**Aim of the exercise:** The complete listing goes into the output exactly, without its pictures.

**Recorded data:**
═══

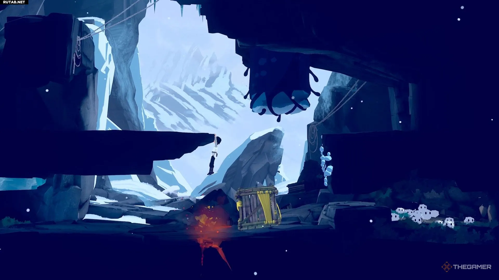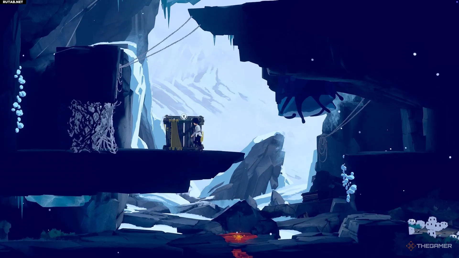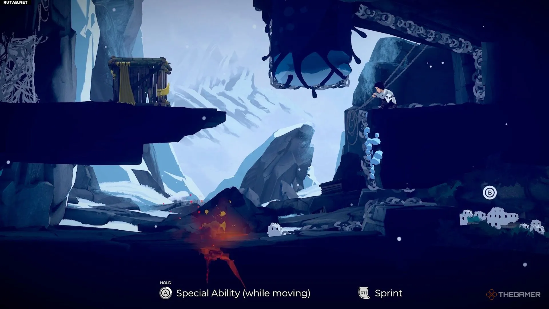 Чтобы начать главу, бегите вперёд, пока не достигнете стены с выступами синего льда. Используйте их, чтобы забраться наверх.
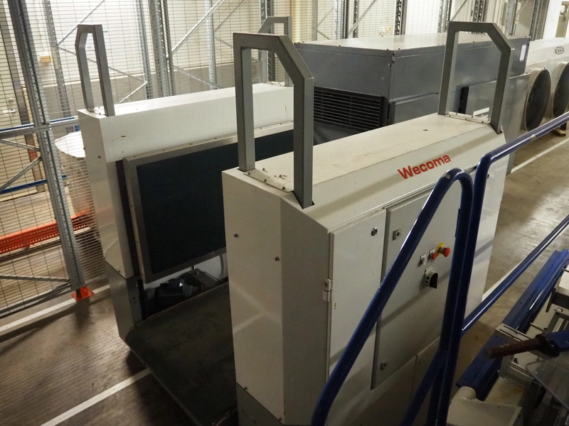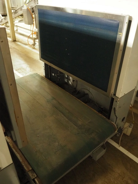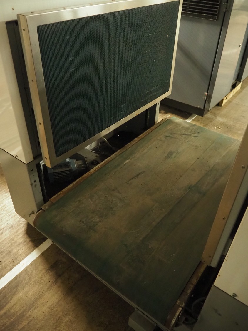 Pallet stacker / de-stacker, plastic belt, belt width: 800 mm, total dimensions: 1850 mm x 1550 mm x 2000 mm.
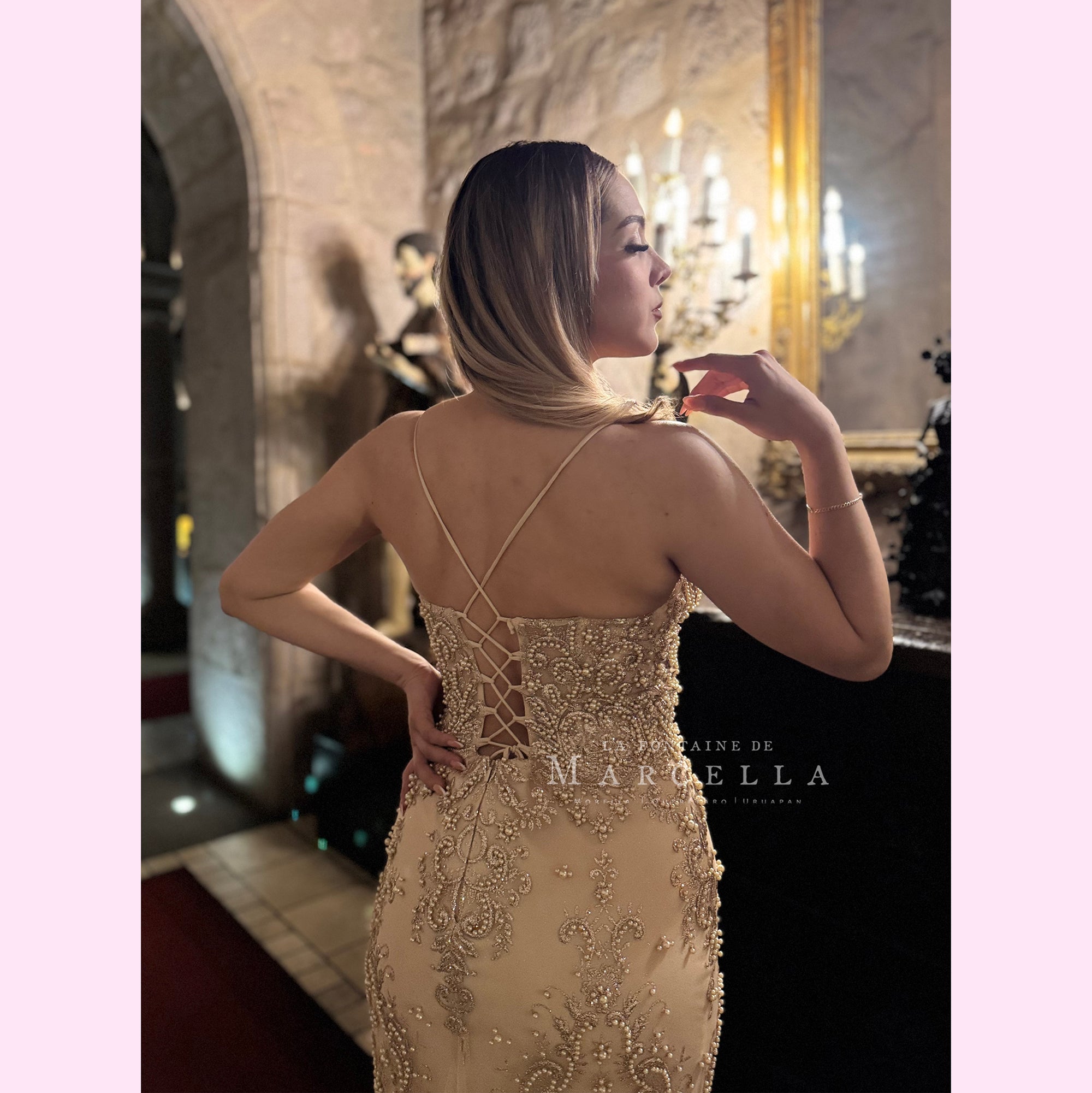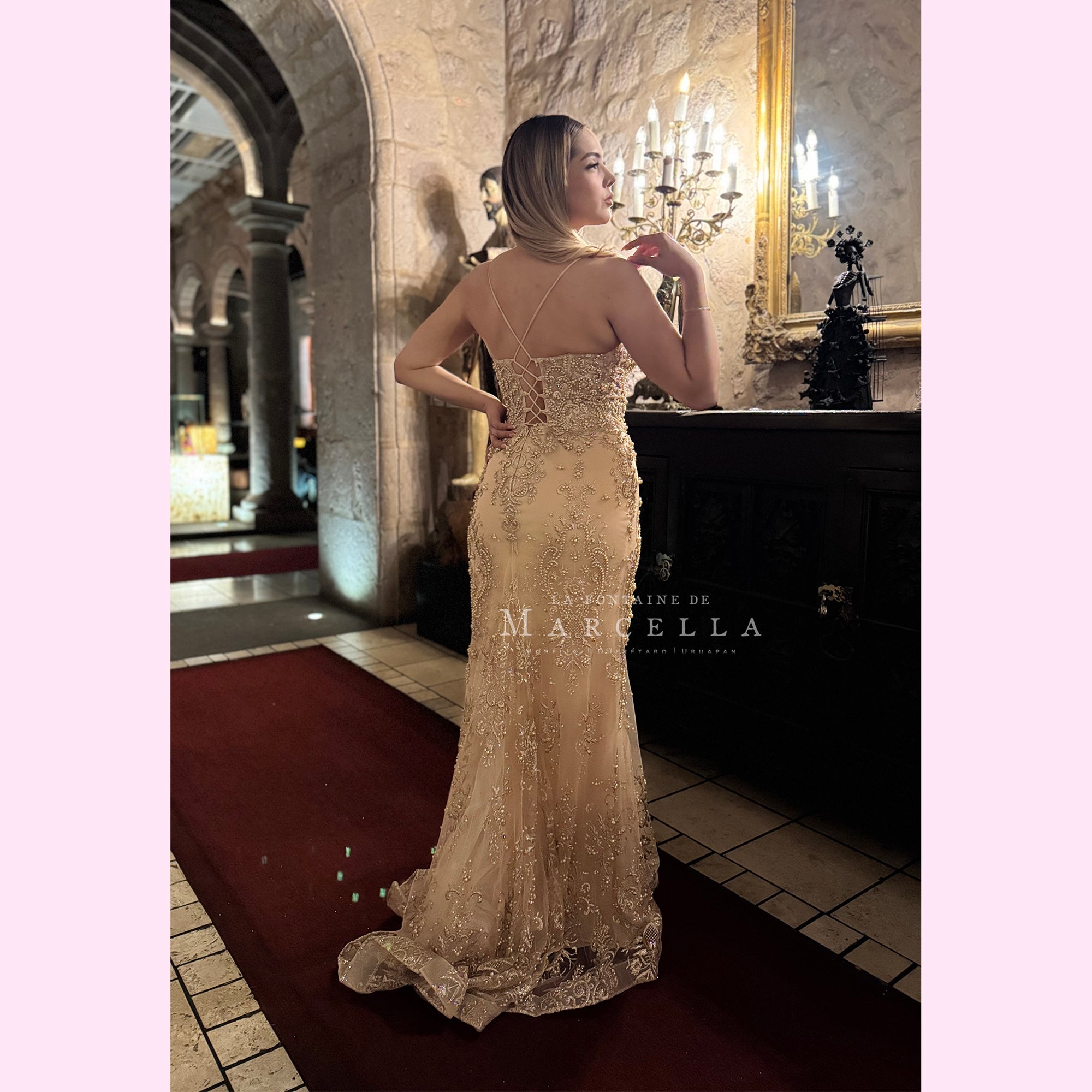 Vestido largo corte sirena adornado hermosamente con pedrería de fantasía, con tirante delgado y escote en V, es recomendado para cuerpos tipo Reloj de Arena y Pera.

═══

**Answer space:**
 Чтобы начать главу, бегите вперёд, пока не достигнете стены с выступами синего льда. Используйте их, чтобы забраться наверх.
 Pallet stacker / de-stacker, plastic belt, belt width: 800 mm, total dimensions: 1850 mm x 1550 mm x 2000 mm.
 Vestido largo corte sirena adornado hermosamente con pedrería de fantasía, con tirante delgado y escote en V, es recomendado para cuerpos tipo Reloj de Arena y Pera.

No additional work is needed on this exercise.